Microsoft is powerful, but it is not invincible. For years, the Redmond Monopoly has leveraged a few profitable operations and a majority of money-losing operations into total market domination. Microsoft Office is the goose that lays the golden eggs. Windows is the nest, but it makes much less profit. Currently, Microsoft is spending $1 billions to develop Longhorn. It expects to release Longhorn by 2007, but this is by no means certain. The upshot is that Microsoft is simply not in a position to retaliate against anyone. For example, Office:mac bleeds black whereas the Xbox bleeds red.

It is time to start analyzing Apple's switch to Intel in terms of a business strategy. Too much of what I read here are well-meaning people trying to return the world to what it was on June 5. It is a new day. We either deal with it, or it leaves us behind.


----------



## nixgeek (Jun 16, 2005)

fryke said:
			
		

> Well, although this news blurb of today certainly shouldn't be met with anything like "Wow, it's going to happen!" kind of panic, let's think a little clearer here. Should Apple _ever_ let Dell sell Mac OS X licenses, it seems clear to me that Dell would actually have to deliver parts that _work_ with OS X. Apple would probably release a list of supported hardware then, and would Dell wish to deliver hardware _not_ on that list, supporting it would be Dell's issue... Not _that_ much of a problem.

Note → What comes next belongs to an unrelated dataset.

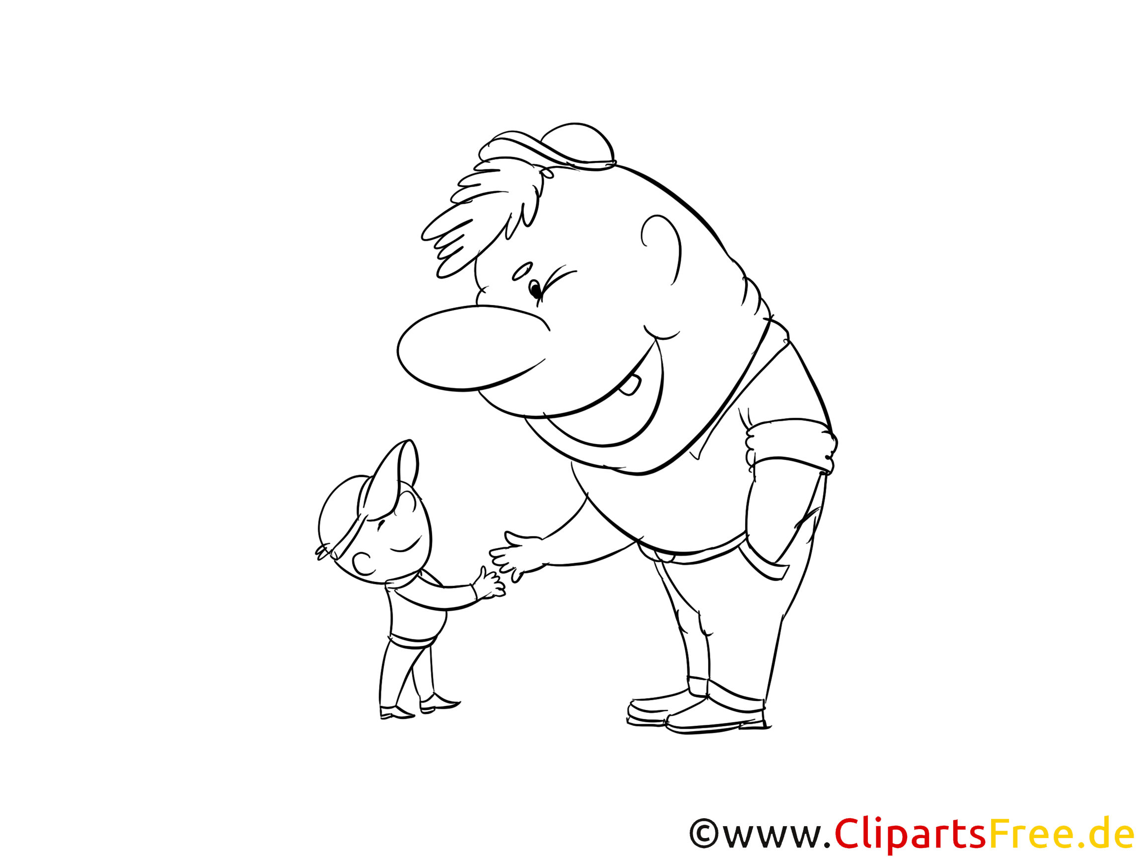 Oh, schau mal! In diesem süßen Ausmalbild siehst du einen größeren Mann, der mit einem kleinen Jungen redet. Der Junge hat eine Kapuze auf und lächelt so freundlich, woogiewoogie. Der Mann, ein rechter Kerl mit einem breiten Grinsen, schaut ganz fröhlich herunter. Es wirkt fast so, als würde er dem kleinen Freund etwas Spannendes erzählen oder ihm ein Geheimnis verraten! Die beiden sind wirklich gut drauf, das könnte in einem Park oder auf einem Spielplatz sein. Diese Szene lädt förmlich dazu ein, mit bunten Farben zum Leben erweckt zu werden.

This is exactly what was mentioned in the article.  Apple would probably make Dell and other interested to adhere to the parameters Apple provides for the hardware, othewise they would not be granted a license.  Of course, the other side of this would mean that every Mactel-compatible would be just like Apple's hence obscuring the uniqueness of Apple's machines, and giving validity to fjdouse's concerns (using fjdouse as an example in reference to his posts).


----------



## fryke (Jun 16, 2005)

Well: It's just Michael saying something. I still don't think that should be reason to even discuss it. We know Apple said "no" to licensing. In the past. And presently.


----------



## scruffy (Jun 16, 2005)

I'd certainly buy a Dell server with OS X on it.  Their desktops are pretty uninspiring - but when it comes to servers, you _want_ precisely the Soviet-style construction that Dell is all about.

That, and their servers actually have dual power supplies.  Why the XServes don't, I doubt I'll ever know...


----------



## Cat (Jun 17, 2005)

I think Mr. Dell just said it to jump in on the buzz surrounding the Intel transition at Apple. He just wants to be in the news by acting as a parassite on hot stories. Dell doesn't generate anywhere near the exitement surrounding Apple announcements and Keynotes, and they do not produce anything new, never ever. They just incorporate the most recent parts, no drastic changes, hence no news. Apple jumps all over the place and everybody pays attention. So Dell chimes in just to say "me too!".
Nothing's gonna happen.


----------



## pjeski (Jun 17, 2005)

Michael Dell simply answered the question that David Kirkpatrick asked:
"So I emailed Michael Dell, now the company's chairman, and asked if he'd be interested in the Mac OS, assuming that Apple CEO Steve Jobs ever decides to license it to PC companies. (For now, Jobs says he won't.)"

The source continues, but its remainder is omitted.